1. SYBR Green vs. TaqMan. SYBR green primers are over 10-fold cheaper than the primers and probe needed for TaqMan analysis (approximately $15 vs. $200), and we have had excellent experience assaying the expression of hundreds of genes by SYBR Green Q-PCR. An objective study found similar linearity between SYBR Green and TaqMan assays. Clearly the cost difference becomes substantial where one is looking at the differential expression of many different genes (e.g. microarray follow-up or gene family assays). The TaqMan assay is potentially more specific, as the hybridization probe hybridizes to a central region of the PCR product produced by two normal primers. Taq 5’ exonuclease removal of a quencher from near the probe fluorphore then leads to fluorescence. In contrast, SYBR Green becomes highly fluorescent after it binds to any double-stranded DNA in the PCR reaction. That is why every SYBR green experiments always includes the melting curve analysis to assess PCR product purity. In addition, for genes of interest, the one-time PCR gel analysis and PCR product sequencing can be used to assure specificity. TaqMan assays can also be more sensitive, which is useful for things like detecting viral nucleic acid in the bloodstream. Finally, one can buy many pre-qualified TaqMan assays or find information for functional assays in the literature. This may save some time, as only about 90% of the SYBR green primer pairs work on the first try.

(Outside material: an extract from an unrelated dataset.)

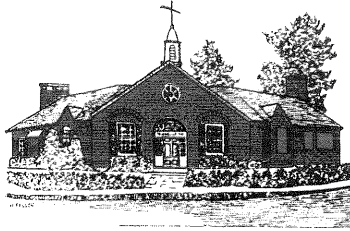
TOWN BUILDING HARRISVILLE, R.I.

Telephone: (401) 568-4300 ext. 114 FAX: (401) 568-0490 E-mail: townclerk@burrillville.org RI Relay 1-800-745-5555 (TTY)
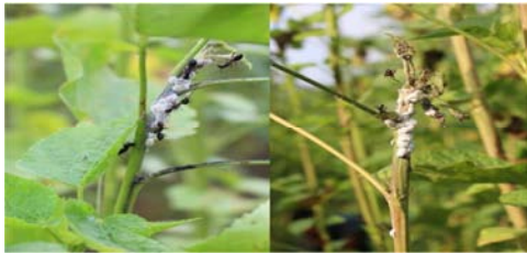
Figure 8. Mealy bug infested Mesta plants at Patuakhali sub-Station.

2. Q-PCR from cDNA (2-step) vs. directly from RNA (1-step). The relative merits of these approaches are discussed above. In short, if one is assaying the expression of many genes in a few RNA samples (e.g. microarray follow-up) , one should use the 2-step approach. If one is studying a few genes in many RNA samples (e.g. testing siRNAs or patient samples), then one should use the 1-step approach. Indeed, if one is analyzing the same gene in a large number of samples, then a TaqMan probe for the 1-step assays may be worth the investment. Consulting for selection of the appropriate Q-PCR assay in the Facility is available at no charge.